That is still the normal quoted untreated duration of life available for a person newly treated with, newly diagnosed with pulmonary hypertension. The change 3-5 years into 10, 15, 20 years is extraordinary. We believe there is a new paradigm that has formed here, which is you use Remodulin aggressively to bring the pulmonary artery pressures down under 40 mm of mercury and then transition the patient over to a Orenitram, it's a pill that can be orally titrated to the equivalent dose, and that patient should be able to enjoy a much longer lifespan. That's the second big driver of our growth in the next few years.
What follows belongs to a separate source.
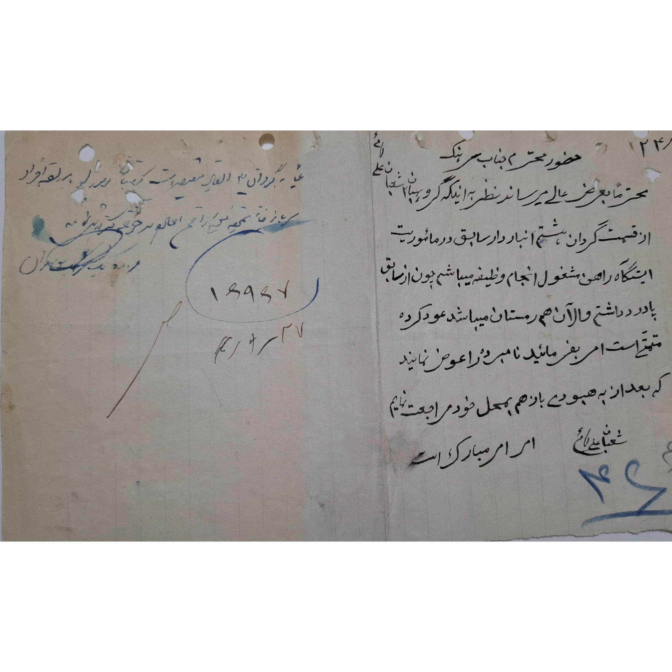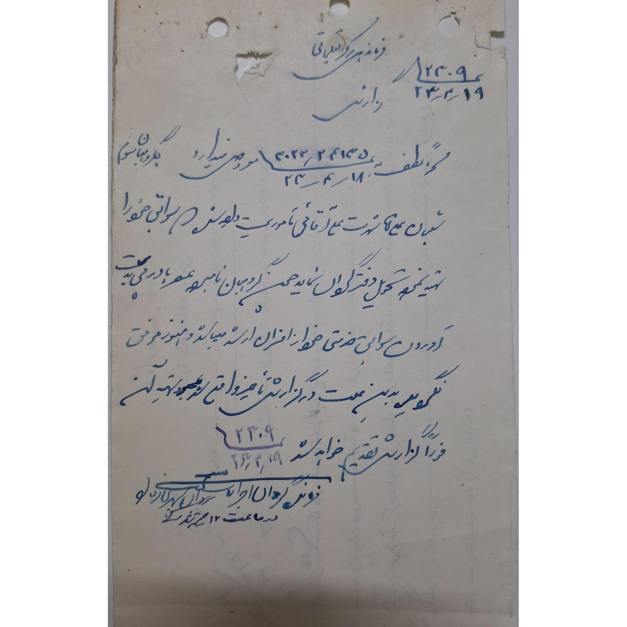 2 برگ نامه و گزارش مرکز تعلیماتی و گزارش مربوط به شعبانعلی علی آقایی
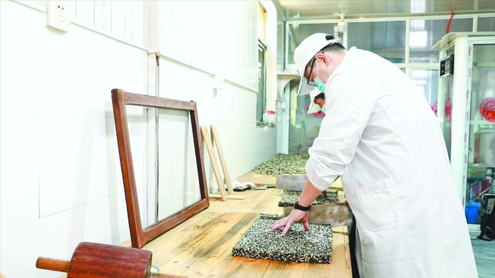 冬日里,走進廿三里街道李宅村,空氣中彌漫著紅糖混合各種谷物的香氣——這是義烏麻糖特有的香氣,也是李宅的甜蜜味道。李宅麻糖已有六七十年的歷史,每年重陽節(jié)后到春節(jié)前這段時間,李宅村家家戶戶都會制作麻糖,其中一部分村民則專門從事麻糖制作銷售工作。如今,隨著包裝技術和快遞物流的不斷發(fā)展,李宅麻糖借著電商網(wǎng)絡,走向全國各地,銷售收入不斷增長,去年達到了近600萬元,成了真正的富民產(chǎn)業(yè)。 在李宅村主街兩邊,隨處可見制作、銷售麻糖的商店,村民陳榮貴經(jīng)營的麻糖作坊也在其中。走進制作車間,陳榮貴和兒子陳宇穿著廚師服、戴著口罩,正忙著制作客戶定制的核桃仁芝麻小米糖。根據(jù)客戶的需求,陳宇將一定比例的核桃仁、小米、芝麻放入木桶中,澆上新鮮熬制的紅糖水,用木棍攪拌均勻后,趁熱倒進一旁臺板上的麻糖架里。陳榮貴趕緊拿起木碾子將其碾平,移開麻糖架后,父子倆合力開始切麻糖!扒新樘怯玫牡妒翘刂频牡毒,比一般的家用菜刀要大一倍,刀身更輕薄,便于快速切麻糖!标悩s貴介紹。隨著“喀嚓喀嚓”幾聲,原本成塊的大麻糖被切成可供銷售的小塊麻糖,等其自然冷卻,就可裝袋上架了。 “如今李宅麻糖已經(jīng)小有名氣,我們幾乎每天都要切500多斤的麻糖。等到12月份銷售旺季,更是每天都供不應求,有些老客戶甚至會提早一個月預訂!标悩s貴說,如今,麻糖除了傳統(tǒng)的小米、糯米等原材料,還加入了核桃仁、花生仁、地瓜干、玉米等配料,更有客戶別出心裁地要求加入葡萄干、紅綠干果絲等配料,品種多達幾十種!罢鎰e說,無論怎么搭配,口味都挺好! 當前,李宅村有十多家農戶專門從事麻糖加工銷售,在市場監(jiān)管局、廿三里街道的關心支持下,產(chǎn)業(yè)已初具規(guī)模!皬淖畛醯膬扇倚∽鞣唬l(fā)展到如今的麻糖加工產(chǎn)業(yè),我們怎么也沒想到,小小麻糖給我們帶來了巨大商機。最近,村兩委和街道、市場監(jiān)管局積極對接,希望能進一步發(fā)展麻糖加工產(chǎn)業(yè),讓李宅麻糖走上專業(yè)化、規(guī);⑵放苹牡缆,全力做好共同富裕文章。”李宅村委副主任范衛(wèi)東表示。 |

In fact, we just reported results of one study related to this called the EXPEDITE study, and we have another study called the ARTISAN study, which is trying to scientifically prove these results further. Now, there are three different types of oral prostacyclins that one might consider transitioning a parenteral to oral patient to, once you get their pressures under 40 mm of mercury. One is our Orenitram. You see it in the left column that I've been talking about. The next is Selexipag, also known as Uptravi. It's not really a prostacyclin drug, but it's a prostacyclin-like drug. That's a product of Johnson & Johnson. The third one is a product which is one of the highlights of our pipeline, Ralinepag. You see here there's some very unique features of Ralinepag.

It only needs to be dosed once a day instead of twice or three times a day. Yet there is no set dose ceiling, unlike Selexipag, which has to be dosed twice a day. It is in a unique sweet spot for a pill. Once a day, no preset dose ceiling, and the patient can be told, "Look, the bad news is you've got pulmonary hypertension. The good news is that we've got a bridge to get you from where you are to a place that you can live a normal expected period of life. It's gonna be a little bit tough getting there.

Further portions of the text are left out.